## DATA EXTRACT
======
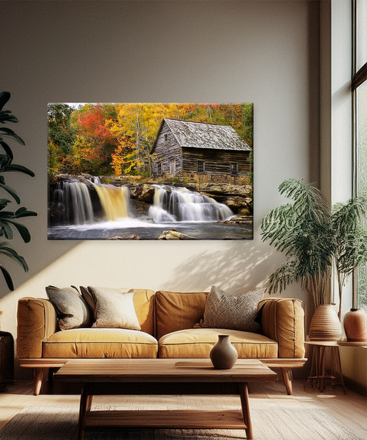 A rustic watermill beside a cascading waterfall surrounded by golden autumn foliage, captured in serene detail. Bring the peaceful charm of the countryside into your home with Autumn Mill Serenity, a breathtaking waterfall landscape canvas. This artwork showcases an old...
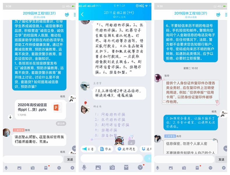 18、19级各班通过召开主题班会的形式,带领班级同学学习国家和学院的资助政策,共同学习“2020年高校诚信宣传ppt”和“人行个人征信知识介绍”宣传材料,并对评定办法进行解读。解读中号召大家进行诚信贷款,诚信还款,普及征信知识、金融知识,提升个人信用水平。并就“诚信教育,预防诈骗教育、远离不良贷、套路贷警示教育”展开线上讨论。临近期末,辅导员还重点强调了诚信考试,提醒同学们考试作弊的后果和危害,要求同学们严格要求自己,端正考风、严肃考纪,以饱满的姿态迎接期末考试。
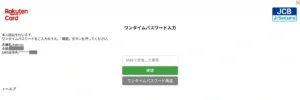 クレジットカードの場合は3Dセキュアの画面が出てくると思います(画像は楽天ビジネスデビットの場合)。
======
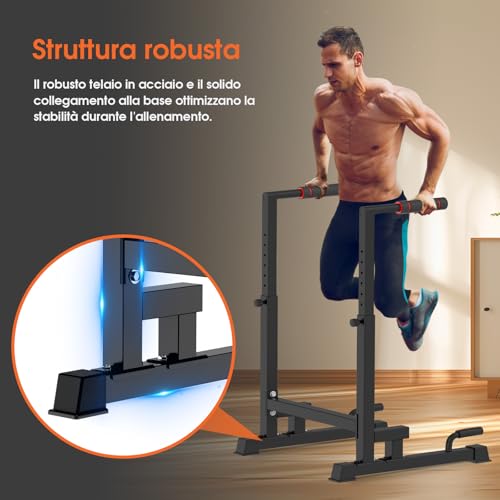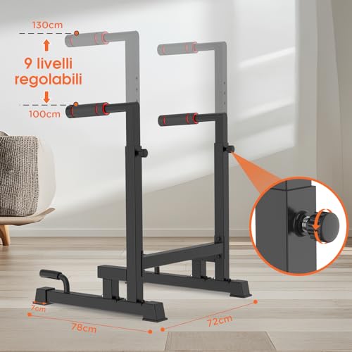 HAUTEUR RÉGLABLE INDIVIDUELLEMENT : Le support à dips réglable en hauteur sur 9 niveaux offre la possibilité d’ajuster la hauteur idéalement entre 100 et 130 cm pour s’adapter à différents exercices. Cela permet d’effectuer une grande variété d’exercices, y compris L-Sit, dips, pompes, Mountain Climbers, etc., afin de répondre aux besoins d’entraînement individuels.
======
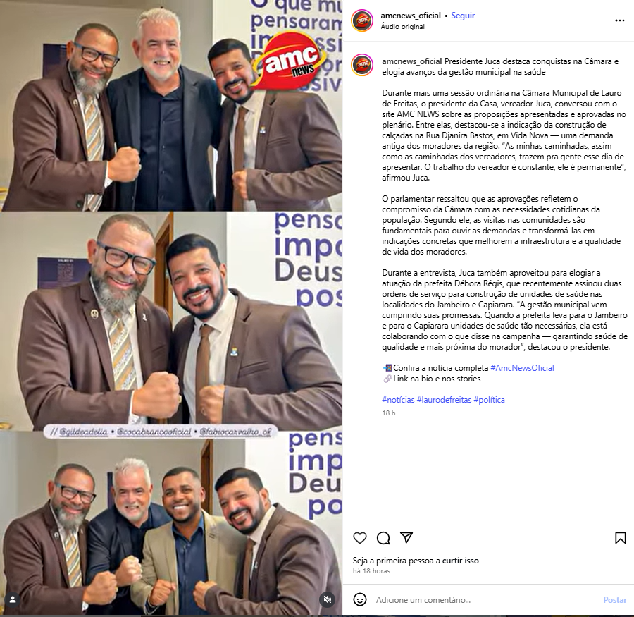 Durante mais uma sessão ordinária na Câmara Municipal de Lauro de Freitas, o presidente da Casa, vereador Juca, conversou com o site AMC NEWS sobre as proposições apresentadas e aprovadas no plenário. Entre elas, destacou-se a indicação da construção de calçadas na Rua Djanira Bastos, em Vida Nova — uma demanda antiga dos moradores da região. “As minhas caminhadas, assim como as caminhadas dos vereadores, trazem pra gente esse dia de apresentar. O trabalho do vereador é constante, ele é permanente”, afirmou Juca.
======
## ACTION ITEM
Print exactly, with no pictures, the lines above from the one that holds "A rustic watermill" through the one that holds "クレジットカードの場合は3D", both of them included.

## EXERCISE OUTPUT
 A rustic watermill beside a cascading waterfall surrounded by golden autumn foliage, captured in serene detail. Bring the peaceful charm of the countryside into your home with Autumn Mill Serenity, a breathtaking waterfall landscape canvas. This artwork showcases an old...
 18、19级各班通过召开主题班会的形式,带领班级同学学习国家和学院的资助政策,共同学习“2020年高校诚信宣传ppt”和“人行个人征信知识介绍”宣传材料,并对评定办法进行解读。解读中号召大家进行诚信贷款,诚信还款,普及征信知识、金融知识,提升个人信用水平。并就“诚信教育,预防诈骗教育、远离不良贷、套路贷警示教育”展开线上讨论。临近期末,辅导员还重点强调了诚信考试,提醒同学们考试作弊的后果和危害,要求同学们严格要求自己,端正考风、严肃考纪,以饱满的姿态迎接期末考试。
 クレジットカードの場合は3Dセキュアの画面が出てくると思います(画像は楽天ビジネスデビットの場合)。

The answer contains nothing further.